At 7:34 AM, Blogger KenInNY said...

Here is the full text of today's NYT lead editorial:

September 7, 2006
Editorial

A Sudden Sense of Urgency

Two months before a Congressional election in which voters are expressing serious doubts about the Republicans' handling of national security, President Bush finally has some real terrorists in Guantanamo Bay.

Mr. Bush admitted yesterday that the Central Intelligence Agency has been secretly holding prisoners and said he was transferring 14 to Guantanamo Bay, including some believed to have been behind the 9/11 attacks. He said he was informing the Red Cross about the prisoners, placing them under the Geneva Conventions, and asking that Congress--right now--create military tribunals to try them.

Those are just the right steps. If Guantanamo Bay has any purpose, it is for men like Khalid Shaikh Mohammed and Ramzi bin al-Shibh, considered key players in 9/11. They should go on trial.

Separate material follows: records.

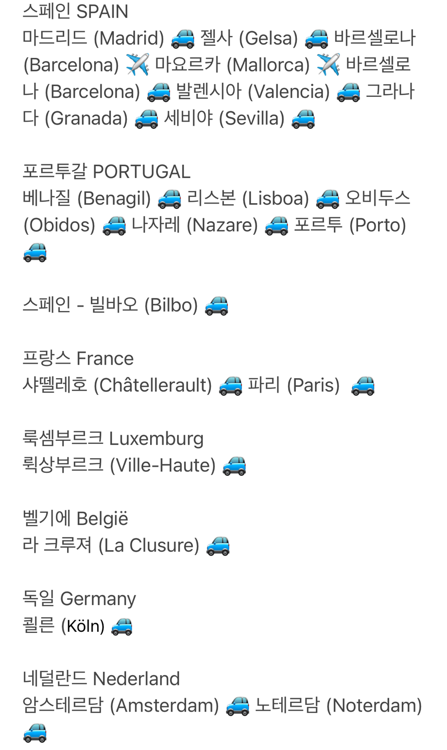 유럽 내에서의 동선은 스페인 마드리드부터 시작했다. 시계방향으로 포르투갈까지 돌고 프랑스로 올라갔다. 북쪽으로 올라가 네덜란드를 지나 덴마크까지 갔다가 체코와 헝가리가 있는 동유럽 쪽으로 갔다. 알프스가 걸쳐져 있는 오스트리아와 프랑스, 스위스, 이탈리아를 여행하고 다시 프랑스 파리로 가서 아이슬란드로 아웃했다. 우리의 마지막 여행은 영국이었다.
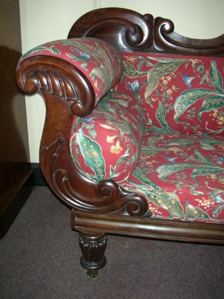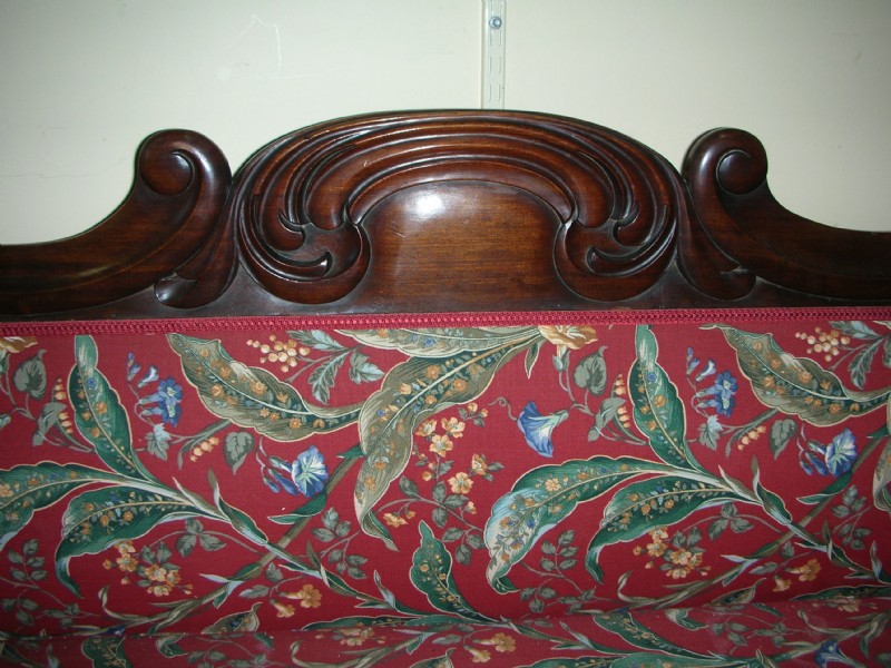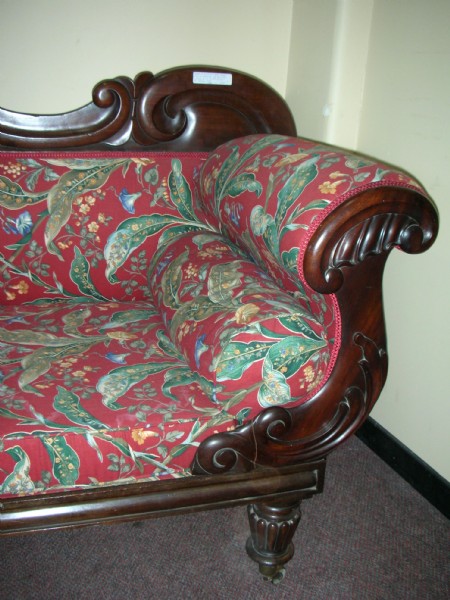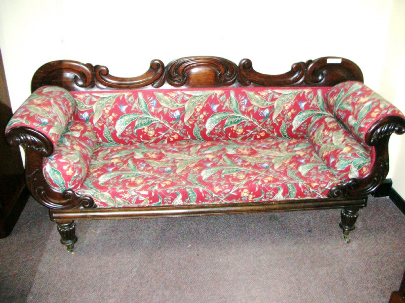 A mahogany William IV scroll end settee with typical ” C” scroll carved decoration, the arms scrolling over and incorporating a bolster cushion, raised on turned and reeded legs with brass casters.
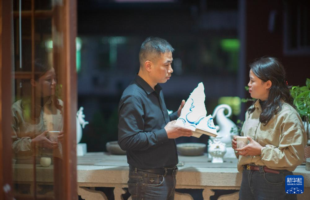 12月6日,彭成雄与妻子郑宝珠在位于福建省泉州市德化县的工作室内交流设计思路。新华社记者 姜克红 摄
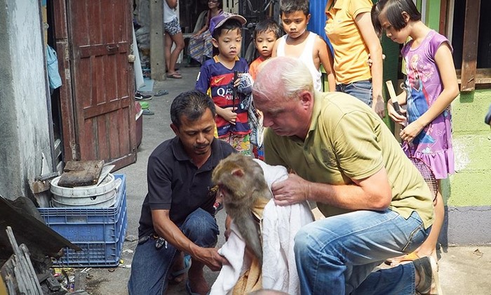 Los voluntarios tuvieron que ir a hablar con el dueño del mono, porque las leyes locales no les eran favorables. ¡Afortunadamente, las personas lograron comprarle el primate al dueño cruel!
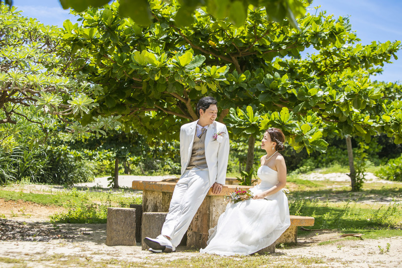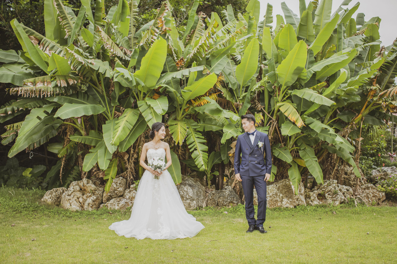 2007年公開の映画「めがね」のロケ地として知られ、多くのファンが聖地巡礼に訪れるヨロン島ビレッジ。緑豊かな芝生、バナナの大木やシンボルツリーなど、海外っぽさ満載で写真映え◎!マーブルリゾートウェディング沖縄だからこそ撮れる特別なスポットです。

If convicted, they should be locked up for life.

But Mr. Bush's urgency was phony, driven by the Supreme Court's ruling, not principle. This should all have happened long ago. If the White House had not wanted to place terror suspects beyond the reach of the law, all 14 of these men could have been tried by now, and America's reputation would have been spared some grievous damage. And there would be no need for Congress to rush through legislation if the White House had not stymied all of its attempts to do just that before.

The nation needs laws governing Guantanamo Bay, not just for the 14 new prisoners, but also for many others who have been there for years without due process, and who may have done no wrong.

Last month, for example, The Washington Post wrote about some of the first arrivals at Guantanamo Bay in 2002: six men, born in Algeria but living in Bosnia, accused of plotting to attack the United States Embassy in Sarajevo. Two years after their capture, Bosnian officials exonerated them. Last year, the Bosnian prime minister asked Washington to release them. But The Post said the administration has decided the men will never be returned to Bosnia, only to Algeria, and then only if they are confined or kept under close watch. Even the Algerian government won't go along with that.

Mr. Bush could have prevented this sort of miscarriage of justice if he had not insisted on creating his own system of military tribunals, which the Supreme Court ruled illegal. Even now, the legislation he is proposing to handle Guantanamo prisoners would undermine key principles of justice. It would permit the use of evidence obtained through coercion, along with hearsay evidence, and evidence that is kept secret from the accused. The military's top lawyers have all publicly opposed these provisions.

Mr. Bush also wants to rewrite American law to create a glaring exception to the Geneva Conventions, to give ex post facto approval to abusive interrogation methods, and to bar legal challenges to the new system.

Some of the most influential Republican voices on military affairs, Senators John Warner, John McCain and Lindsey Graham, are sponsoring a more sensible bill that would bar the use of coerced testimony and secret evidence. Members of this Congress have a nasty habit of caving in to the White House on national security, and there's a looming election, but it is vital that they stick to their principles this time.